Court Contemplates Admission of Wiretap Evidence

Day 267

Court Contemplates Admission of Wiretap Evidence

Day 267

The Prosecution seeks to offer 245 intercepted telephone conversations in the trial of Slobodan Milosevic. They may contain some of the best evidence of the Accused's direct involvement in the alleged joint criminal enterprise to ethnically cleanse substantial parts of Croatia and Bosnia of their non-Serb populations as well as provide some insight into Milosevic's role in Srebrenica.

The intercepts have remained in limbo for a year, pending a decision by the Trial Chamber on the legality of their admission, which was challenged by Milosevic and the Amicus Curiae. This week, Trial Chamber III heard additional argument from the parties, noting it has received their written submissions and heard evidence from relevant witnesses last week. That evidence was taken in closed session, likely to protect the source of the intercepts.

Milosevic claims the intercepts were part of a conspiracy by one side (the Bosnian Government) to secede from the former Socialist Federal Republic of Yugoslavia (SFRY) and portray one side as guilty of crimes (Serbia and the Bosnian Serbs) and the other (Bosnian Government) as the victim. He seemed to argue that since the intercepts were made by the Bosnian State Security Service they were inherently unreliable.

Amicus Curiae, Steven Kay, advised the Court the Accused had several available arguments to challenge admission of the intercepts. First, their legality under state law has not been established. In many state systems, illegally obtained evidence is ruled inadmissible to sanction police who have violated the law to obtain it. Judge Robinson interrupted Mr. Kay's argument to point out that the Trial Chamber in the Kordic case (on which he and Judge May sat) ruled that inadmissibility under state law does not make evidence inadmissible in the ICTY. Tribunal rules specifically so provide. Judge May added that the purpose of the ICTY is not to enforce state regulations. In this situation, it is absurd to think that exclusion of wiretap evidence in a Tribunal case would punish or deter Bosnian law enforcement from actions they took during and leading up to war. In addition, the Kordic Trial Chamber held that rules against admitting illegally obtained evidence do not apply to eavesdropping on an enemy's telephone calls during wartime.

Mr. Kay agreed that the real determinant is reliability, referring to a recent decision by the Brdjanin Trial Chamber, 'The Trial Chamber has no doubt at all that intercepts, the authenticity of which cannot be proved beyond a reasonable doubt, should be excluded.' Judge May interjected, 'Then they [the Trial Camber] went on to admit them [the intercepts].' Mr.
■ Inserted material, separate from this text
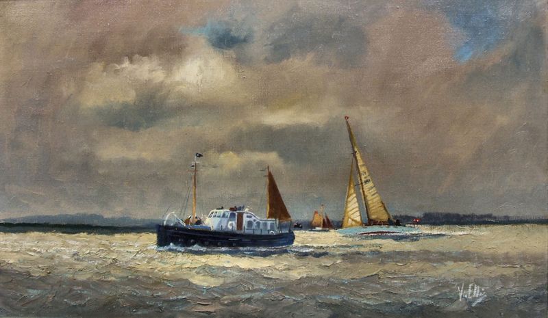 M.V. Paul Star and gaff cutter "Oberon" in choppy seas off coast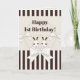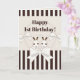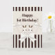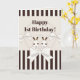 The product design features bunny twins and off-white ribbons. This adorable animal cartoon with stripes makes a cute, classic modern, and unique kids birthday card with personalised text for girls - Happy 1st Birthday.

Kay argued that the intercepts should not be admitted in the Milosevic trial until they have been properly authenticated, i.e. until it as been established that they are the tapes of conversations which were recorded (likely by the Bosnian State Security Service) and have not been tampered with.

Prosecutor Geoffrey Nice, on the other hand, told the Court the tapes were authenticated by last week's witness who testified in closed session. The witness gave an account of the history of the intercepts from the date of their creation until copies were turned over to the OTP. The issue, Mr. Nice said, is whether the tapes have been falsified, as Milosevic alleges is possible. However, when the Prosecution invited Milosevic to identify intercepts he asserted were falsified, he declined to do so. There is no reason, Mr. Nice told the Court, to doubt the intercepts at this stage.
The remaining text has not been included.